SunTrust Banks’ profits fell in the final quarter of 2016 and for the full year as higher costs and set-asides for loan losses outstripped higher revenue.
The Atlanta bank’s results were still better than analysts expected, beating the average estimate.
Last year “was the fifth consecutive year in which we grew earnings per share, improved efficiency, and increased capital return,” SunTrust CEO William Rogers said.
Rogers said he is confident SunTrust will “continue (its) positive financial performance trajectory” in 2017 because of the healthy economy and cost-cutting moves such as closing bank branches.
SunTrust shares rose on Friday and, like those of other big banks, have surged since Donald Trump's election fed investor optimism.
Georgia’s largest bank did not have the kind of heady Wall Street trading profits that have helped some bigger banks in the wake of Trump’s election, however.
Earlier this week, Morgan Stanley said fourth-quarter profit surged 84 percent, to almost $1.7 billion, partly thanks to post-election trading. J.P. Morgan and Bank of America likewise benefited from a surge in trading activity after the election.
SunTrust, which has much smaller trading and investment banking operations arm, didn’t get a post-election boost in its bottom line.

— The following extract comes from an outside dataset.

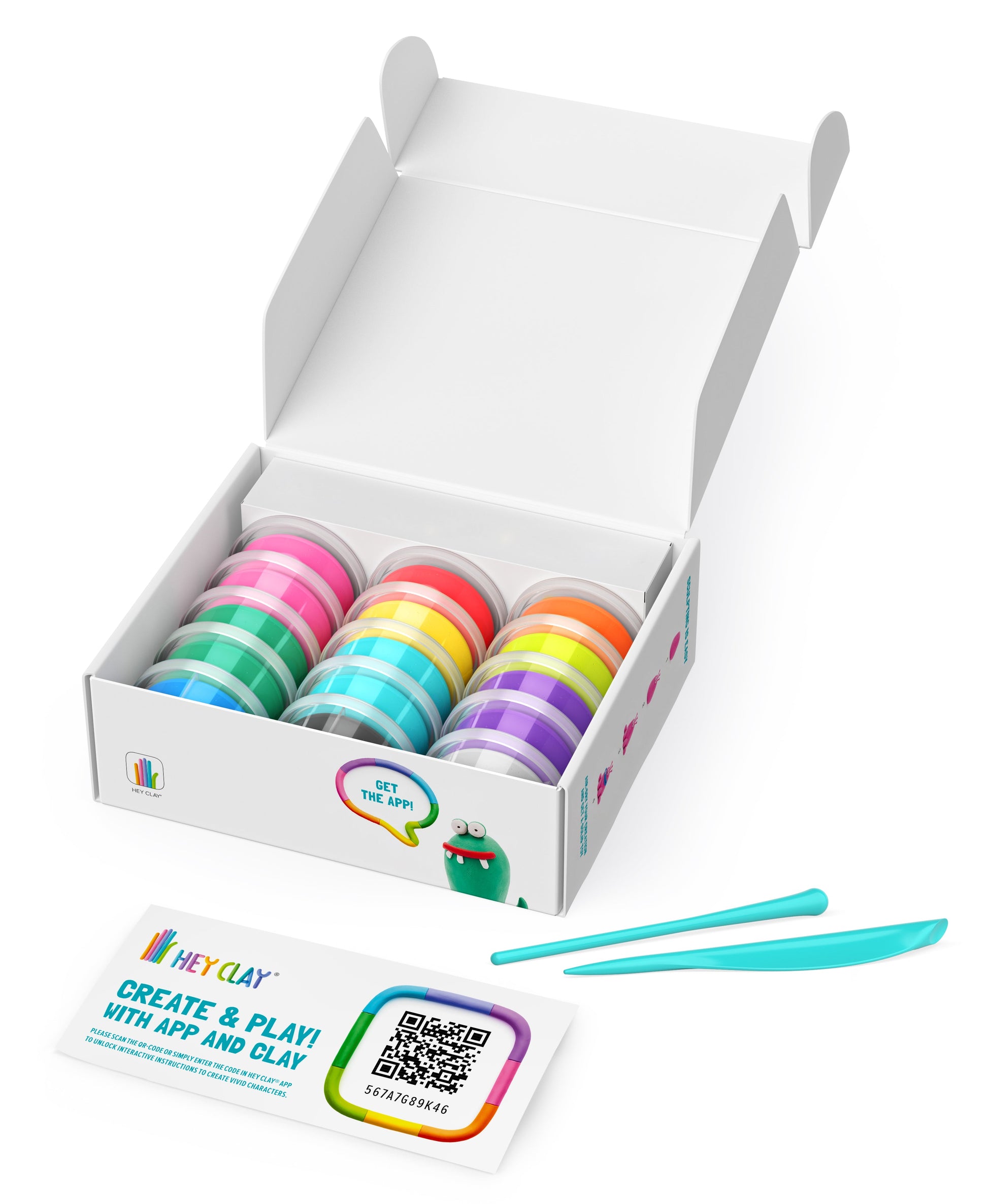 - Interaktyvios instrukcijos: Atsisiųskite nemokamą HEY CLAY programėlę, įveskite kodą, kurį rasite dėžutėje, ir sekite žingsnis po žingsnio pateiktas instrukcijas, kad sukurtumėte linksmus personažus.

SunTrust said fourth quarter profit fell 4 percent to $448 million. For the full year, profit fell 3 percent to under $1.9 billion. Quarterly profit amounted to 90 cents a share, vs. 88 cents projected by analysts.
SunTrust reported healthy revenue and loan growth, reflecting stronger economic growth in the region. But expenses also rose, and the bank set aside $101 million for potential loan losses, up from $51 million a year earlier.
SunTrust had 1,367 branches and 24,375 employees at the end of 2016, compared to 1,401 branches and 24,043 employees a year earlier.